Requirement:
Can you print the data exactly and leave out each image?

[Source material]

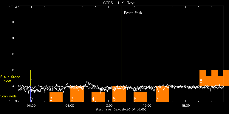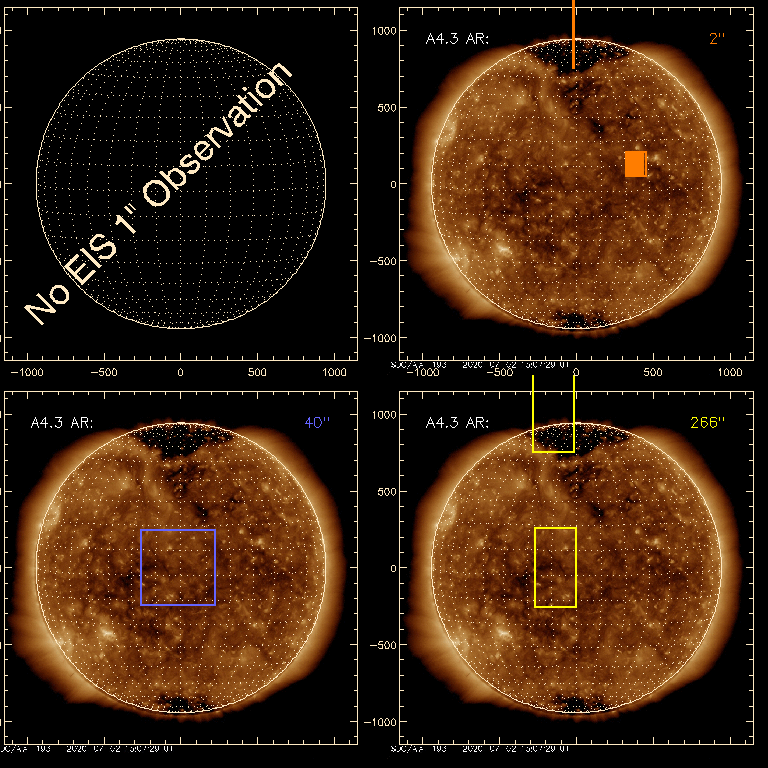 EIS Observation timeline overlay to GOES-Xray curve Code 1" 2" 40" 266" EIS Observations list for this event: STUDY ACRONYM ID DATE OBSERVED DESCRIPTION NOAA# TARGET 0 PRY_slot_contextLITE | 72893 | 2020/07/02 05:53:26 | Pointing Monitoring | | Active Region TIMELINE ID DATE OBSERVED FITS FILE XCEN (+W/-E) YCEN (+N/-S) DUR ----------------------------------------------------------------------------------------------------------------- 72893 | 2020/07/02 05:53:26.000 | eis_l0_20200702_055326.fits.gz | -15.29 | -0.35 | 2m56s 1 XRT_synop_AIA | 72894 | 2020/07/02 05:56:41 | Pointing Monitoring | | Quiet Sun TIMELINE ID DATE OBSERVED FITS FILE XCEN (+W/-E) YCEN (+N/-S) DUR ----------------------------------------------------------------------------------------------------------------- 72894 | 2020/07/02 05:56:41.000 | eis_l0_20200702_055641.fits.gz | -132.57 | -0.50 | 10s 2 dhb_atlas_120m_30" | 72872 | 2020/07/02 07:24:49 | Quiet Sun Network and Coronal Bright P | | Quiet Sun TIMELINE ID DATE OBSERVED FITS FILE XCEN (+W/-E) YCEN (+N/-S) DUR ----------------------------------------------------------------------------------------------------------------- 72872 | 2020/07/02 07:24:49.000 | eis_l0_20200702_072449.fits.gz | 355.34 | 125.88 | 1h0m50s 3 dhb_atlas_120m_30" | 72873 | 2020/07/02 09:03:13 | Quiet Sun Network and Coronal Bright P | | Quiet Sun TIMELINE ID DATE OBSERVED FITS FILE XCEN (+W/-E) YCEN (+N/-S) DUR ----------------------------------------------------------------------------------------------------------------- 72873 | 2020/07/02 09:03:13.000 | eis_l0_20200702_090313.fits.gz | 369.01 | 126.11 | 1h0m49s 4 dhb_atlas_120m_30" | 72874 | 2020/07/02 10:41:13 | Quiet Sun Network and Coronal Bright P | | Quiet Sun TIMELINE ID DATE OBSERVED FITS FILE XCEN (+W/-E) YCEN (+N/-S) DUR ----------------------------------------------------------------------------------------------------------------- 72874 | 2020/07/02 10:41:13.000 | eis_l0_20200702_104113.fits.gz | 382.45 | 126.50 | 1h0m48s 5 dhb_atlas_120m_30" | 72875 | 2020/07/02 12:19:43 | Quiet Sun Network and Coronal Bright P | | Quiet Sun TIMELINE ID DATE OBSERVED FITS FILE XCEN (+W/-E) YCEN (+N/-S) DUR ----------------------------------------------------------------------------------------------------------------- 72875 | 2020/07/02 12:19:43.000 | eis_l0_20200702_121943.fits.gz | 395.81 | 126.50 | 1h0m48s 6 dhb_atlas_120m_30" | 72876 | 2020/07/02 13:58:12 | Quiet Sun Network and Coronal Bright P | | Quiet Sun TIMELINE ID DATE OBSERVED FITS FILE XCEN (+W/-E) YCEN (+N/-S) DUR ----------------------------------------------------------------------------------------------------------------- 72876 | 2020/07/02 13:58:12.000 | eis_l0_20200702_135812.fits.gz | 409.18 | 126.81 | 1h0m49s 7 dhb_atlas_120m_30" | 72877 | 2020/07/02 15:41:12 | Quiet Sun Network and Coronal Bright P | | Quiet Sun TIMELINE ID DATE OBSERVED FITS FILE XCEN (+W/-E) YCEN (+N/-S) DUR ----------------------------------------------------------------------------------------------------------------- 72877 | 2020/07/02 15:41:12.000 | eis_l0_20200702_154112.fits.gz | 423.08 | 127.04 | 1h0m49s 8 XRT_synop_AIA | 72911 | 2020/07/02 19:05:33 | Polar CH (North) | | Quiet Sun TIMELINE ID DATE OBSERVED FITS FILE XCEN (+W/-E) YCEN (+N/-S) DUR ----------------------------------------------------------------------------------------------------------------- 72911 | 2020/07/02 19:05:33.000 | eis_l0_20200702_190533.fits.gz | -148.96 | 1008.62 | 10s 9 PCH_SNS_2x512 | 72912 | 2020/07/02 19:05:54 | Polar CH (North) | | Coronal Hole TIMELINE ID DATE OBSERVED FITS FILE XCEN (+W/-E) YCEN (+N/-S) DUR ----------------------------------------------------------------------------------------------------------------- 72912 | 2020/07/02 19:05:54.000 | eis_l0_20200702_190554.fits.gz | -16.95 | 1008.77 | 27m21s 72912 | 2020/07/02 19:33:21.000 | eis_l0_20200702_193321.fits.gz | -16.95 | 1008.62 | 27m20s 72912 | 2020/07/02 20:00:46.000 | eis_l0_20200702_200046.fits.gz | -17.03 | 1008.69 | 27m20s 72912 | 2020/07/02 20:28:12.000 | eis_l0_20200702_202812.fits.gz | -17.10 | 1008.77 | 27m20s 72912 | 2020/07/02 20:55:37.000 | eis_l0_20200702_205537.fits.gz | -17.03 | 1008.69 | 27m20s 72912 | 2020/07/02 21:23:03.000 | eis_l0_20200702_212303.fits.gz | -17.03 | 1008.62 | 27m20s 72912 | 2020/07/02 21:50:29.000 | eis_l0_20200702_215029.fits.gz | -17.03 | 1008.69 | 27m20s 72912 | 2020/07/02 22:17:54.000 | eis_l0_20200702_221754.fits.gz | -17.03 | 1008.54 | 27m22s 72912 | 2020/07/02 22:45:21.000 | eis_l0_20200702_224521.fits.gz | -16.95 | 1008.62 | 27m20s 72912 | 2020/07/02 23:12:47.000 | eis_l0_20200702_231247.fits.gz | -17.03 | 1008.62 | 27m20s 72912 | 2020/07/02 23:40:12.000 | eis_l0_20200702_234012.fits.gz | -17.03 | 1008.62 | 27m20s : Check study information : Download file : View thumbnails For this event, also check for:
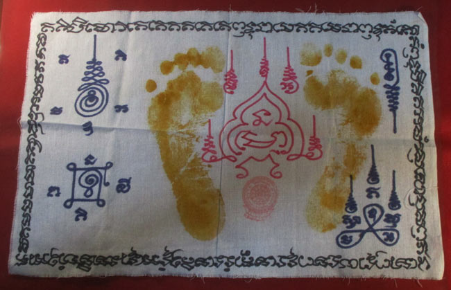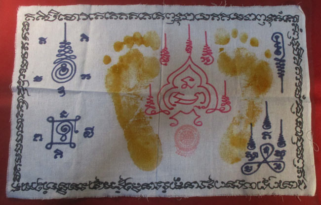 ผ้ายันต์ รอยท้าว จารยันต์ด้วยมือ ไม่ทราบที่ มีตราวัดแต่ผมอ่านไม่ออก ครับ (พระบ้านจากหิ้ง ครับ) |
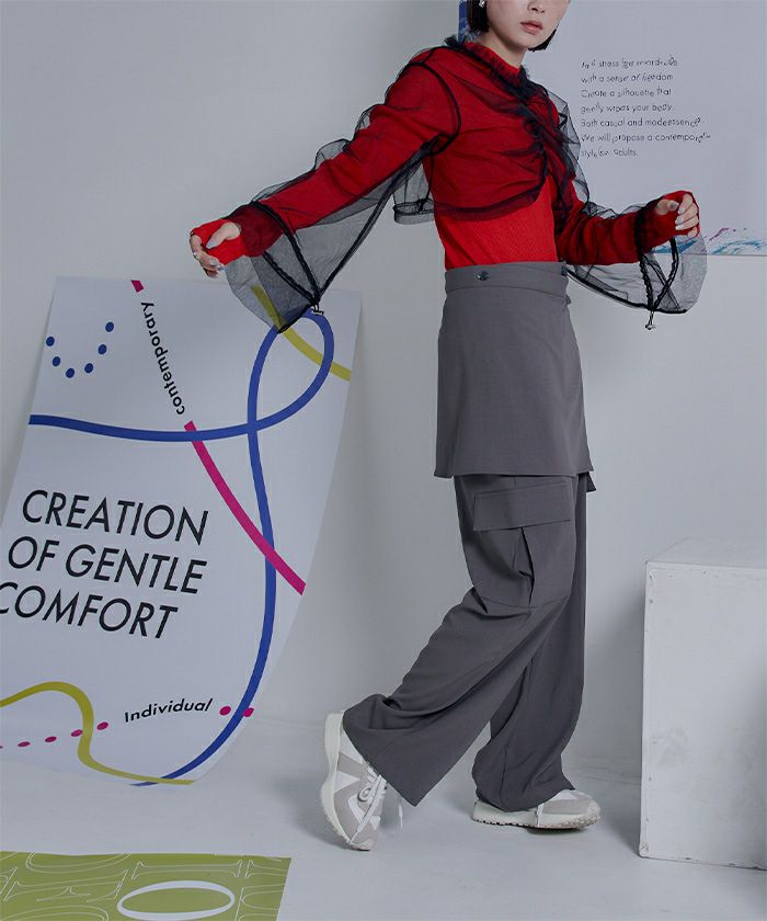 ・ロングスリーブをくしゃっとたるませて着用すればこなれ感もプラスできます。
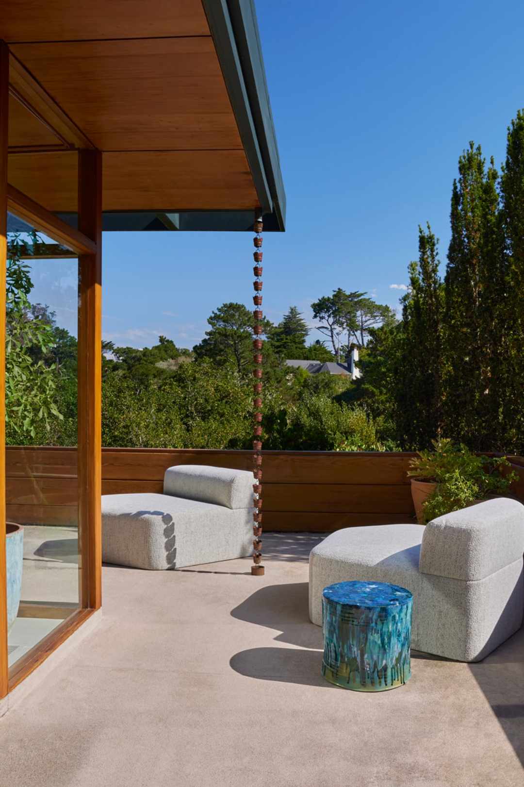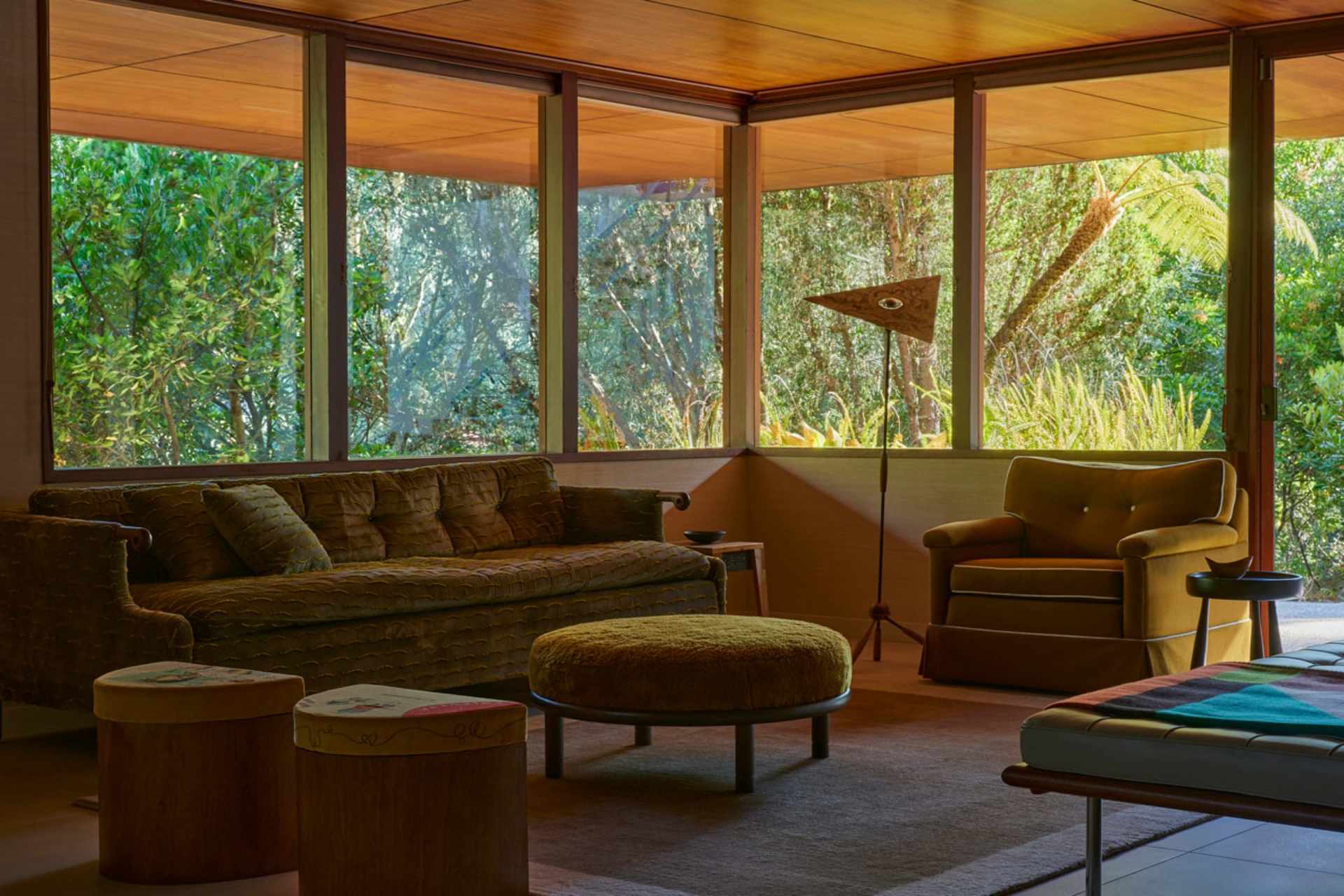 Την αίσθηση ελαφρότητας ενισχύουν γυάλινες επιφάνειες, όπως το τραπέζι τραπεζαρίας και το τραπεζάκι σαλονιού, που αντανακλούν το φως και περιορίζουν τις σκιές. Η επίπλωση του Monterey home συνδυάζει εμβληματικά σχέδια του μεσοπολέμου – όπως καρέκλες του Pierre Cardin, πολυθρόνες των Otto Schultz και Gerrit Rietveld – με σύγχρονες, γλυπτικές δημιουργίες, όπως ο αρθρωτός καναπές Big Sur του Hilal. Το αποτέλεσμα είναι ένας χώρος με οργανική και εκλεκτική ταυτότητα, όπου η ιστορία του σπιτιού συνυπάρχει αρμονικά με τις σημερινές τάσεις προς πιο ήπιες και φυσικές γραμμές, αποδίδοντας φόρο τιμής στο παρελθόν του.

[/Source material]

Result below:
 EIS Observation timeline overlay to GOES-Xray curve Code 1" 2" 40" 266" EIS Observations list for this event: STUDY ACRONYM ID DATE OBSERVED DESCRIPTION NOAA# TARGET 0 PRY_slot_contextLITE | 72893 | 2020/07/02 05:53:26 | Pointing Monitoring | | Active Region TIMELINE ID DATE OBSERVED FITS FILE XCEN (+W/-E) YCEN (+N/-S) DUR ----------------------------------------------------------------------------------------------------------------- 72893 | 2020/07/02 05:53:26.000 | eis_l0_20200702_055326.fits.gz | -15.29 | -0.35 | 2m56s 1 XRT_synop_AIA | 72894 | 2020/07/02 05:56:41 | Pointing Monitoring | | Quiet Sun TIMELINE ID DATE OBSERVED FITS FILE XCEN (+W/-E) YCEN (+N/-S) DUR ----------------------------------------------------------------------------------------------------------------- 72894 | 2020/07/02 05:56:41.000 | eis_l0_20200702_055641.fits.gz | -132.57 | -0.50 | 10s 2 dhb_atlas_120m_30" | 72872 | 2020/07/02 07:24:49 | Quiet Sun Network and Coronal Bright P | | Quiet Sun TIMELINE ID DATE OBSERVED FITS FILE XCEN (+W/-E) YCEN (+N/-S) DUR ----------------------------------------------------------------------------------------------------------------- 72872 | 2020/07/02 07:24:49.000 | eis_l0_20200702_072449.fits.gz | 355.34 | 125.88 | 1h0m50s 3 dhb_atlas_120m_30" | 72873 | 2020/07/02 09:03:13 | Quiet Sun Network and Coronal Bright P | | Quiet Sun TIMELINE ID DATE OBSERVED FITS FILE XCEN (+W/-E) YCEN (+N/-S) DUR ----------------------------------------------------------------------------------------------------------------- 72873 | 2020/07/02 09:03:13.000 | eis_l0_20200702_090313.fits.gz | 369.01 | 126.11 | 1h0m49s 4 dhb_atlas_120m_30" | 72874 | 2020/07/02 10:41:13 | Quiet Sun Network and Coronal Bright P | | Quiet Sun TIMELINE ID DATE OBSERVED FITS FILE XCEN (+W/-E) YCEN (+N/-S) DUR ----------------------------------------------------------------------------------------------------------------- 72874 | 2020/07/02 10:41:13.000 | eis_l0_20200702_104113.fits.gz | 382.45 | 126.50 | 1h0m48s 5 dhb_atlas_120m_30" | 72875 | 2020/07/02 12:19:43 | Quiet Sun Network and Coronal Bright P | | Quiet Sun TIMELINE ID DATE OBSERVED FITS FILE XCEN (+W/-E) YCEN (+N/-S) DUR ----------------------------------------------------------------------------------------------------------------- 72875 | 2020/07/02 12:19:43.000 | eis_l0_20200702_121943.fits.gz | 395.81 | 126.50 | 1h0m48s 6 dhb_atlas_120m_30" | 72876 | 2020/07/02 13:58:12 | Quiet Sun Network and Coronal Bright P | | Quiet Sun TIMELINE ID DATE OBSERVED FITS FILE XCEN (+W/-E) YCEN (+N/-S) DUR ----------------------------------------------------------------------------------------------------------------- 72876 | 2020/07/02 13:58:12.000 | eis_l0_20200702_135812.fits.gz | 409.18 | 126.81 | 1h0m49s 7 dhb_atlas_120m_30" | 72877 | 2020/07/02 15:41:12 | Quiet Sun Network and Coronal Bright P | | Quiet Sun TIMELINE ID DATE OBSERVED FITS FILE XCEN (+W/-E) YCEN (+N/-S) DUR ----------------------------------------------------------------------------------------------------------------- 72877 | 2020/07/02 15:41:12.000 | eis_l0_20200702_154112.fits.gz | 423.08 | 127.04 | 1h0m49s 8 XRT_synop_AIA | 72911 | 2020/07/02 19:05:33 | Polar CH (North) | | Quiet Sun TIMELINE ID DATE OBSERVED FITS FILE XCEN (+W/-E) YCEN (+N/-S) DUR ----------------------------------------------------------------------------------------------------------------- 72911 | 2020/07/02 19:05:33.000 | eis_l0_20200702_190533.fits.gz | -148.96 | 1008.62 | 10s 9 PCH_SNS_2x512 | 72912 | 2020/07/02 19:05:54 | Polar CH (North) | | Coronal Hole TIMELINE ID DATE OBSERVED FITS FILE XCEN (+W/-E) YCEN (+N/-S) DUR ----------------------------------------------------------------------------------------------------------------- 72912 | 2020/07/02 19:05:54.000 | eis_l0_20200702_190554.fits.gz | -16.95 | 1008.77 | 27m21s 72912 | 2020/07/02 19:33:21.000 | eis_l0_20200702_193321.fits.gz | -16.95 | 1008.62 | 27m20s 72912 | 2020/07/02 20:00:46.000 | eis_l0_20200702_200046.fits.gz | -17.03 | 1008.69 | 27m20s 72912 | 2020/07/02 20:28:12.000 | eis_l0_20200702_202812.fits.gz | -17.10 | 1008.77 | 27m20s 72912 | 2020/07/02 20:55:37.000 | eis_l0_20200702_205537.fits.gz | -17.03 | 1008.69 | 27m20s 72912 | 2020/07/02 21:23:03.000 | eis_l0_20200702_212303.fits.gz | -17.03 | 1008.62 | 27m20s 72912 | 2020/07/02 21:50:29.000 | eis_l0_20200702_215029.fits.gz | -17.03 | 1008.69 | 27m20s 72912 | 2020/07/02 22:17:54.000 | eis_l0_20200702_221754.fits.gz | -17.03 | 1008.54 | 27m22s 72912 | 2020/07/02 22:45:21.000 | eis_l0_20200702_224521.fits.gz | -16.95 | 1008.62 | 27m20s 72912 | 2020/07/02 23:12:47.000 | eis_l0_20200702_231247.fits.gz | -17.03 | 1008.62 | 27m20s 72912 | 2020/07/02 23:40:12.000 | eis_l0_20200702_234012.fits.gz | -17.03 | 1008.62 | 27m20s : Check study information : Download file : View thumbnails For this event, also check for:
 ผ้ายันต์ รอยท้าว จารยันต์ด้วยมือ ไม่ทราบที่ มีตราวัดแต่ผมอ่านไม่ออก ครับ (พระบ้านจากหิ้ง ครับ) |
 ・ロングスリーブをくしゃっとたるませて着用すればこなれ感もプラスできます。
 Την αίσθηση ελαφρότητας ενισχύουν γυάλινες επιφάνειες, όπως το τραπέζι τραπεζαρίας και το τραπεζάκι σαλονιού, που αντανακλούν το φως και περιορίζουν τις σκιές. Η επίπλωση του Monterey home συνδυάζει εμβληματικά σχέδια του μεσοπολέμου – όπως καρέκλες του Pierre Cardin, πολυθρόνες των Otto Schultz και Gerrit Rietveld – με σύγχρονες, γλυπτικές δημιουργίες, όπως ο αρθρωτός καναπές Big Sur του Hilal. Το αποτέλεσμα είναι ένας χώρος με οργανική και εκλεκτική ταυτότητα, όπου η ιστορία του σπιτιού συνυπάρχει αρμονικά με τις σημερινές τάσεις προς πιο ήπιες και φυσικές γραμμές, αποδίδοντας φόρο τιμής στο παρελθόν του.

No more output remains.